--- Problem to solve ---
Copy, word for word, the lines below from the one containing "1. Lengkapi informasi" up to and including the one containing "2、车源页面,可以搜索不同价格、时间的车源资料;", with pictures left out.

[Record set — start]

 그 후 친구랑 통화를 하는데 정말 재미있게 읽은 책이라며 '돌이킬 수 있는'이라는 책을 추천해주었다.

[Record set — finish]
[Record set — start]

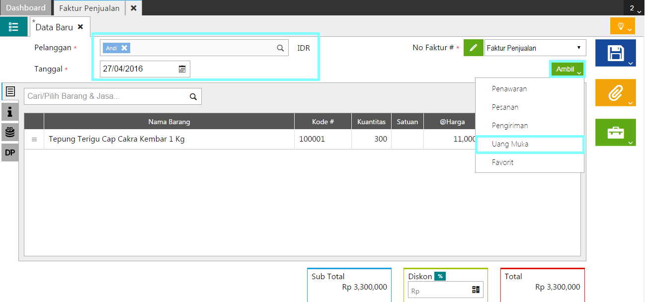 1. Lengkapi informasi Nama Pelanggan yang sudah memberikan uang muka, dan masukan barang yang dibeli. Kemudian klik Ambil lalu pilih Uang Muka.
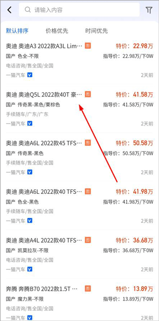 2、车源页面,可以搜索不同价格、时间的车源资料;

[Record set — finish]
[Record set — start]

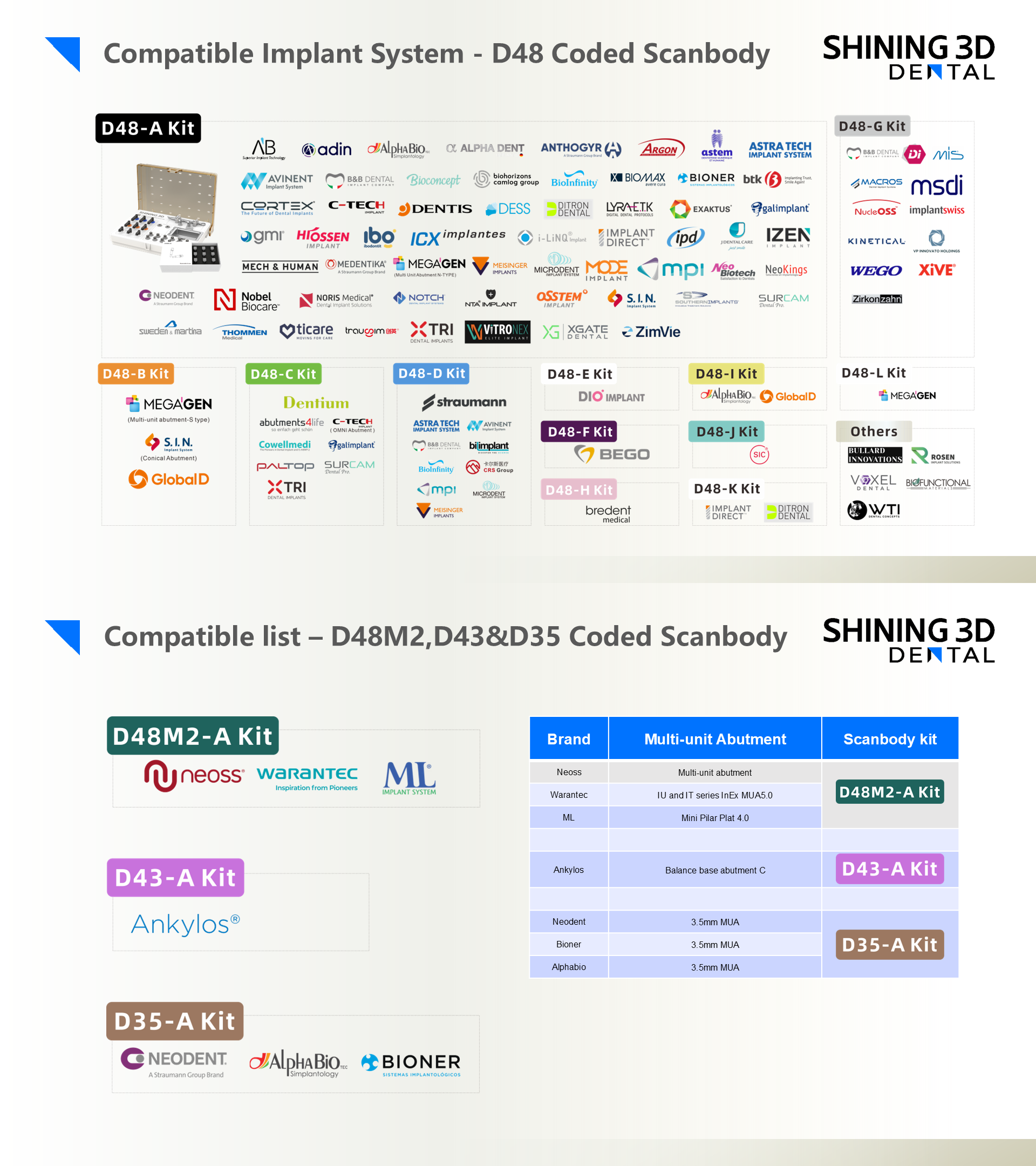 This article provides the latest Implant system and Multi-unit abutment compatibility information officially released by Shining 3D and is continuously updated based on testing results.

[Record set — finish]

--- Output of the exercise ---
 1. Lengkapi informasi Nama Pelanggan yang sudah memberikan uang muka, dan masukan barang yang dibeli. Kemudian klik Ambil lalu pilih Uang Muka.
 2、车源页面,可以搜索不同价格、时间的车源资料;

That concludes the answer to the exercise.